### Instructions for the task:
The finished copy should match every record exactly and contain no pictures.
········
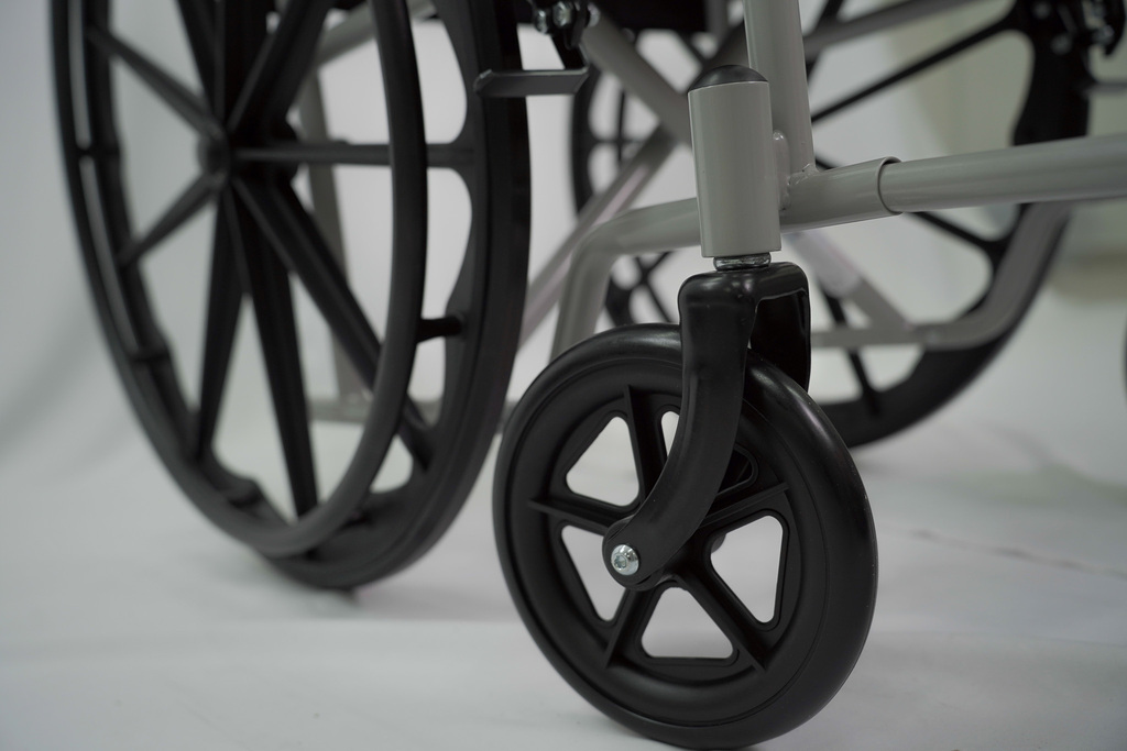 - Muito confortável para transporte interno; - Chassis em Aço Carbono, com pintura epóxi Antiferrugem; tendo Alta resistência a umidade, ideal para regiões de praias; - Protetor lateral de roupas; - Porta objetos; - Encosto em Nylon na cor Preta Acolchoado; - Assento em Nylon na cor Preta Acolchoado; - Duas rodas traseira de 24 polegadas com sistema de rolamento e blindadas; - Pneus traseiros PU (Maciço Antifuro); - Duas rodas Dianteiras de 8" x 1" (polegadas) ou 203mm - Permitem movimentação total em ambientes com espaço reduzido, giro 360 graus; - Apoio de Braço Acolchoado, dando maior conforto aos usuários; - Ideal para paciente com limitações de locomoção; - Design e modelo inovador; - Apoio de pés em plástico reforçado e removível; - Regulagem de altura dos apoios de pés; - Suporta paciente com até 110kg - Cor Cinza - GARANTIA : 06 meses na estrutura e 03 meses nos demais componentes após o recebimento do produto. - EAN : 0630941070017 - RESGISTRO DA ANVISA : 80791040018
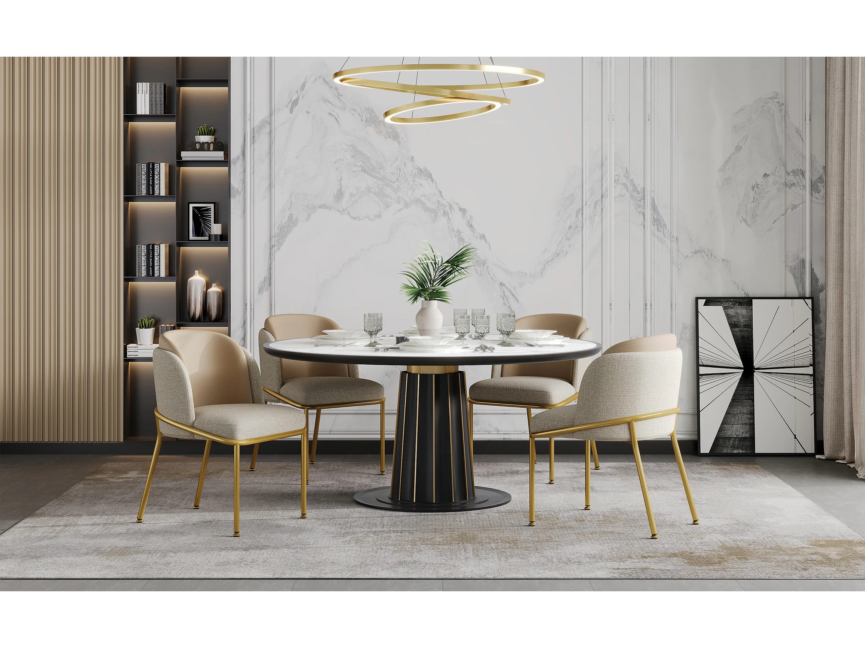 Juego de 4 sillas modernas, con pata inclinada y pies ajustables, beige + caqui
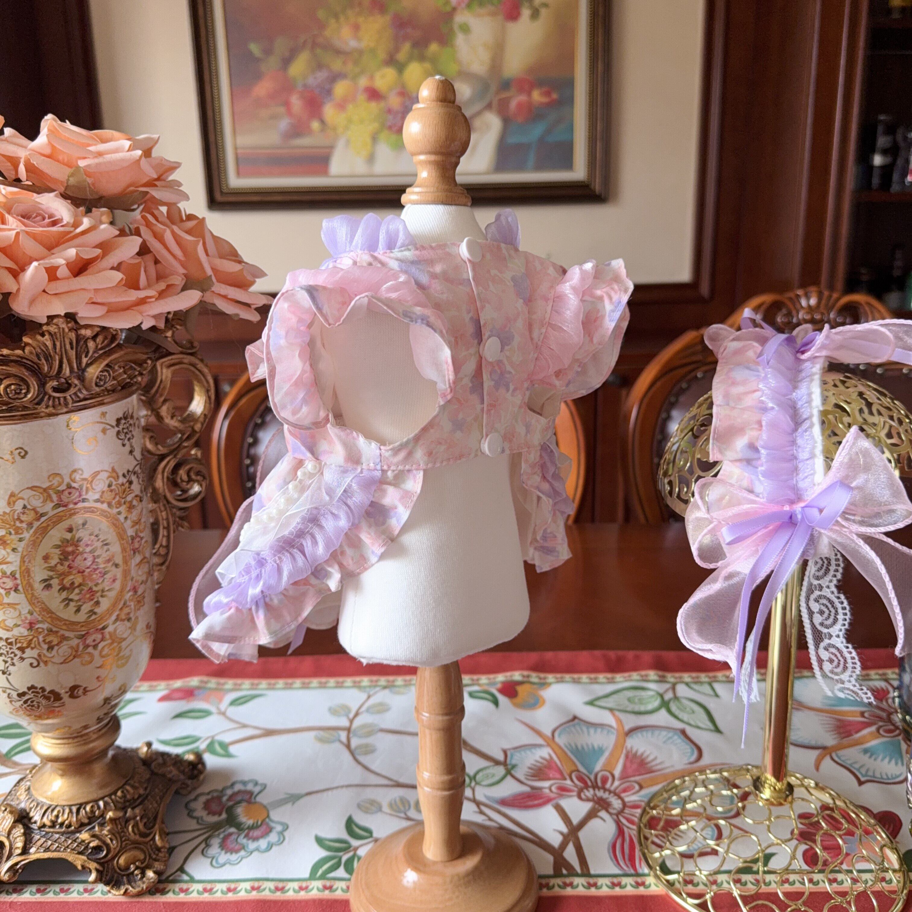 淡いピンクとラベンダーの色合いが優しく溶け合い、軽やかで可憐な印象に仕上がっています。
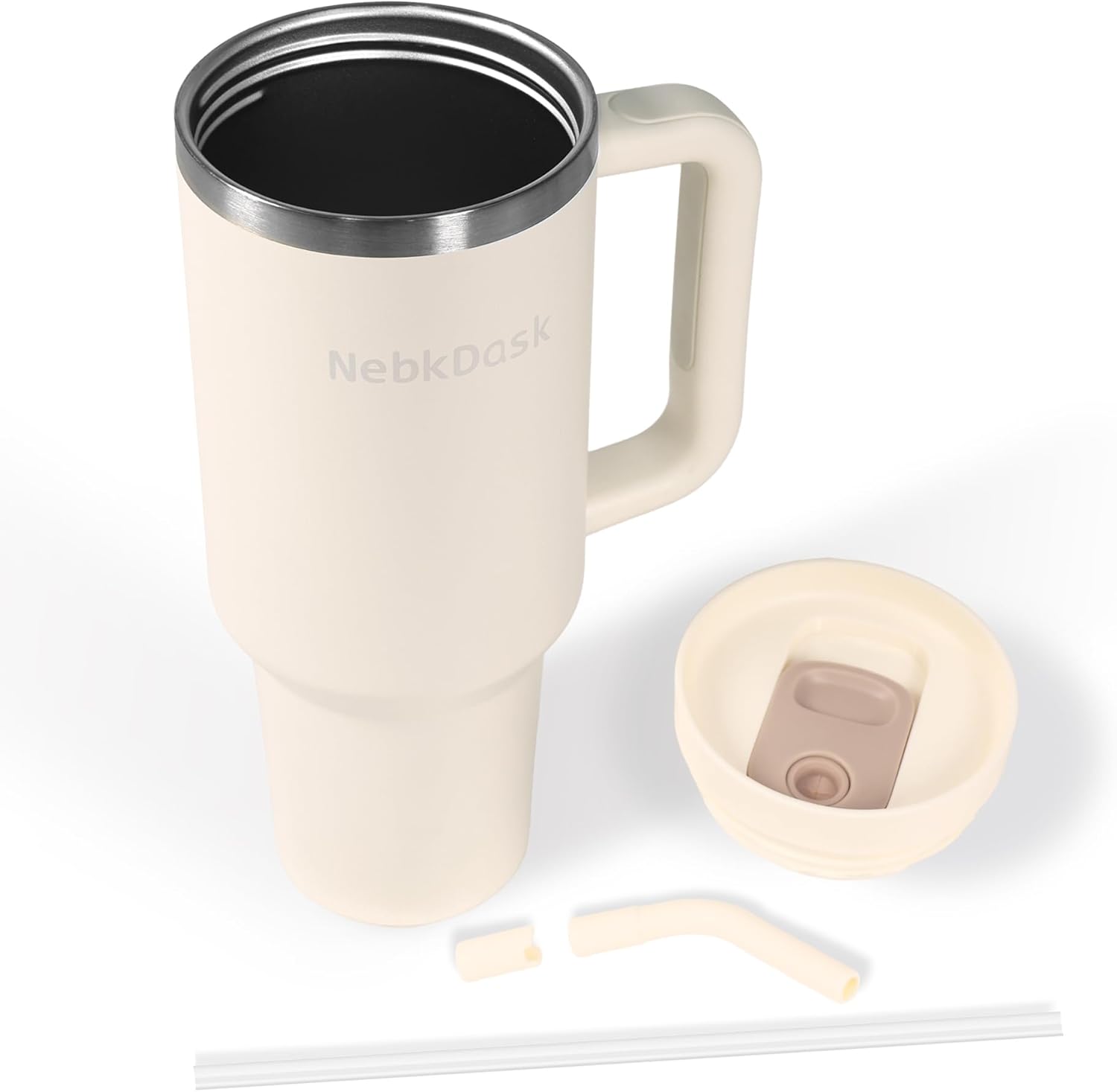 40 oz Water Bottle with Handle & Straw – Insulated Stainless Steel Bottle, Leakproof, Fits in Cup Holder – Reusable Cold Drink Thermos for Women & Men (off-White)
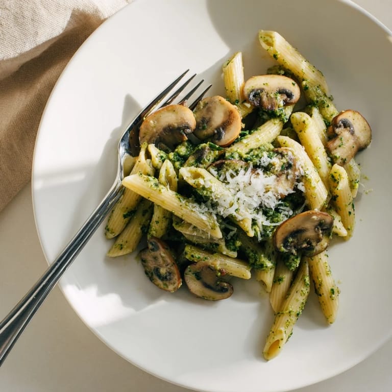 Save to Pinterest Some nights call for comfort without the fuss, and that's when I reach for mushrooms and pesto. I'd been craving something creamy but not heavy, something that felt like a hug without putting me to sleep. The smell of garlic hitting hot butter always pulls me back into the moment, and when those mushrooms start to brown and release their earthy sweetness, I know I'm halfway to happiness. This pasta came together on a Tuesday when I had no plan and even less energy, but it tasted like I'd been thinking about it all day.
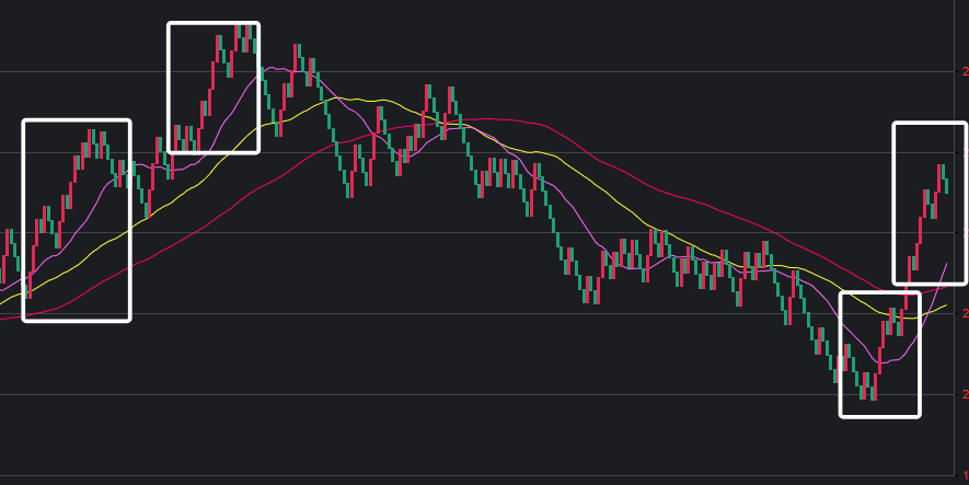 可以看到一些规律,在白框中,如果一致,那么接下来这些跨度也会出。
········
### Exercise answer:
 - Muito confortável para transporte interno; - Chassis em Aço Carbono, com pintura epóxi Antiferrugem; tendo Alta resistência a umidade, ideal para regiões de praias; - Protetor lateral de roupas; - Porta objetos; - Encosto em Nylon na cor Preta Acolchoado; - Assento em Nylon na cor Preta Acolchoado; - Duas rodas traseira de 24 polegadas com sistema de rolamento e blindadas; - Pneus traseiros PU (Maciço Antifuro); - Duas rodas Dianteiras de 8" x 1" (polegadas) ou 203mm - Permitem movimentação total em ambientes com espaço reduzido, giro 360 graus; - Apoio de Braço Acolchoado, dando maior conforto aos usuários; - Ideal para paciente com limitações de locomoção; - Design e modelo inovador; - Apoio de pés em plástico reforçado e removível; - Regulagem de altura dos apoios de pés; - Suporta paciente com até 110kg - Cor Cinza - GARANTIA : 06 meses na estrutura e 03 meses nos demais componentes após o recebimento do produto. - EAN : 0630941070017 - RESGISTRO DA ANVISA : 80791040018
 Juego de 4 sillas modernas, con pata inclinada y pies ajustables, beige + caqui
 淡いピンクとラベンダーの色合いが優しく溶け合い、軽やかで可憐な印象に仕上がっています。
 40 oz Water Bottle with Handle & Straw – Insulated Stainless Steel Bottle, Leakproof, Fits in Cup Holder – Reusable Cold Drink Thermos for Women & Men (off-White)
 Save to Pinterest Some nights call for comfort without the fuss, and that's when I reach for mushrooms and pesto. I'd been craving something creamy but not heavy, something that felt like a hug without putting me to sleep. The smell of garlic hitting hot butter always pulls me back into the moment, and when those mushrooms start to brown and release their earthy sweetness, I know I'm halfway to happiness. This pasta came together on a Tuesday when I had no plan and even less energy, but it tasted like I'd been thinking about it all day.
 可以看到一些规律,在白框中,如果一致,那么接下来这些跨度也会出。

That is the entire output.